Its unusual for me to be back here with another blog so quickly after my last however I feel compelled to write about another topic which I am asked about constantly and work to combat in my own life daily and that  challenge  is concentration – on work, school and just about every other situation you can imagine! I thought I would write a few words about the challenges Aspergers Syndrome poses for myself and people with AS where concentration is required. I want to do this (a) to assure people out there that they are not alone in this difficulty and (b) I would be equally interested to hear people’s own experiences of this and ideas as to how they go about addressing it.
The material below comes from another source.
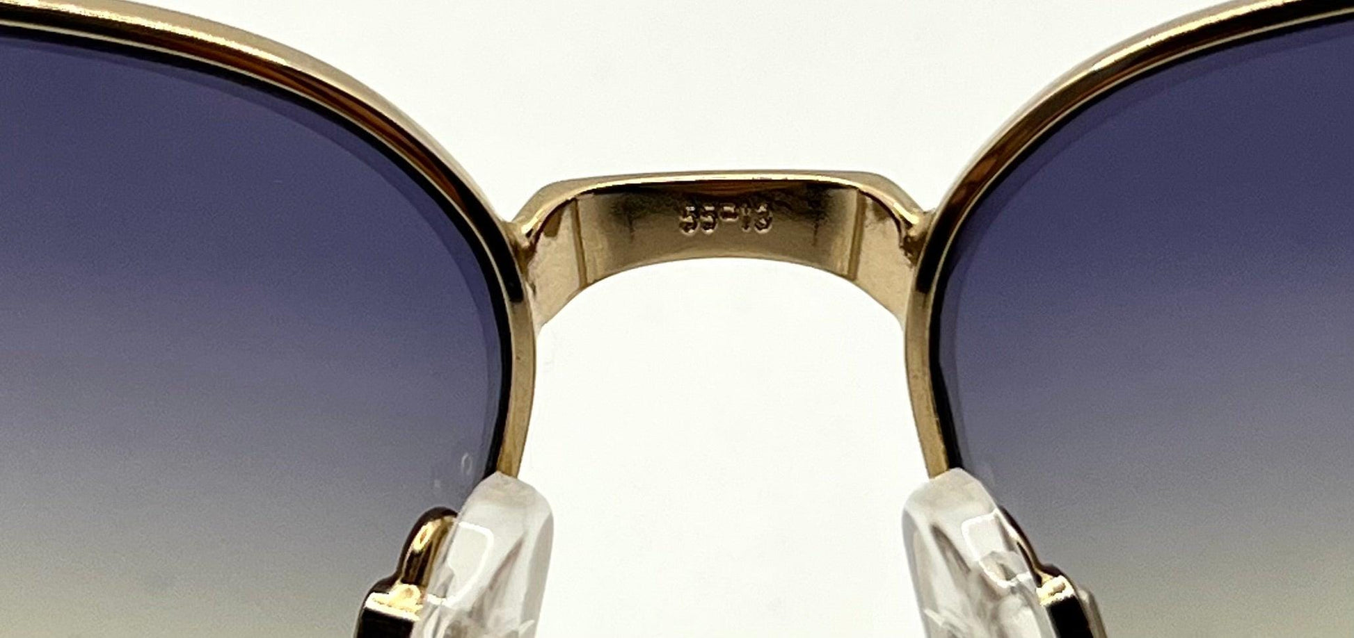 * Angular geometric gold frame with signature enamel inlay on the temples

I think my own difficulties with concentration arise from two key areas: over-stimulation and hyperactivity, both characteristics of Aspergers Syndrome and its related conditions.

Over-stimulation has always posed difficulties for me and this is something I have found to be particularly profound of late. I found over-stimulation to cause me distractions on two fronts. The first being the actual over-activity of my muscles when I am excited or stressed completely distracts me and I often find myself, almost involuntarily, wandering around or running in response to this particular area. The other area is distractions themselves, so for example when I sit down to work I find myself very easily taken in by activity around me, be it noise or things to fidget with or even my own thoughts, thus I often find myself dazed or in daydream land when I am trying to apply myself to a task, this seems especially profound when I am under pressure or am having difficulty doing something, as I seem to be more open to distractions in these circumstances.

I think I only realised the true impact of over-stimulation on my life when I began to research the topic sometime ago and then I was able to identify why I do find it so difficult to concentrate even when I manage to sit in my seat and do some work. However I also have come to realise that the implications of over-stimulation stretched far beyond having an impact on my academic studies or community work but rather had an adverse effect on my ability to work in a typical teenage part-time job and also my listening skills as a whole.

For me, I found working in both a bar and a restaurant near impossible and it was something that used to really upset me as I knew I was giving the job by best effort and was working really hard and yet I always would find myself confused and lost in my work. This has a lot to do with my challenge of over-stimulation as I would find the constant noise, huge surroundings and open spaces (there was outdoor seating areas) totally daunting and would often find myself feeling out of place and unsure how to prioritise the many instructions and tasks that we surrounding me and marry them with the ongoing duties of any employee.

I also find myself to be a poor listener at times due to this over-stimulation, particularly if I am trying to multitask (and I do think this goes beyond the fact that I am a man!) as I find it hard to process and take in my surroundings or the job I am doing and at the same time follow my thoughts and listen to someone, this is particularly the case if they are giving me sequential instructions or something detailed and more times than not I find myself in the embarrassing position of having to clarify something of what they said later.

The other great issue which challenges my ability to concentrate on tasks or conversation is my hyperactivity. The fact that I am hyper has both pros and cons, often my best ideas come to me when I find myself overcome by the desire to run around or am bursting with energy however it can be difficult to balance this energy when you need a level-head! For example, if I am hyper in class I often find myself unable to concentrate on the task in hand and I have come to accept that working on homework or this very site when I am in that mood is a losing bet and so I try and burn energy through physical exercise or just taking some time out before I sit down and try and apply myself to the job.

All in all, I guess my concentration has good days and bad days and I find the key factor to this is if I can get the right rhythm to my work that I can last for hours and have a high output but often if this pace is broken I then find it hard to recover it. I have definetly improved over time through employing certain techniques for example as I have already mentioned trying to burn my energy out and also limit the number of distractions around me. Another trick I have employed in beating over-stimulation and hyperactivity is rising early in the morning where there are fewer distractions and I am more relaxed and for that reason I often find that from 6am to breakfast can be my most productive time or equally if I stay up very late when the house is in quite mode and my body begins to relax for the day that this is a good time for me to get stuck into some work.

I still feel this is an area I desperately need to improve in and know that this is true for many with AS so I would love to hear your own thoughts and experiences in the forum!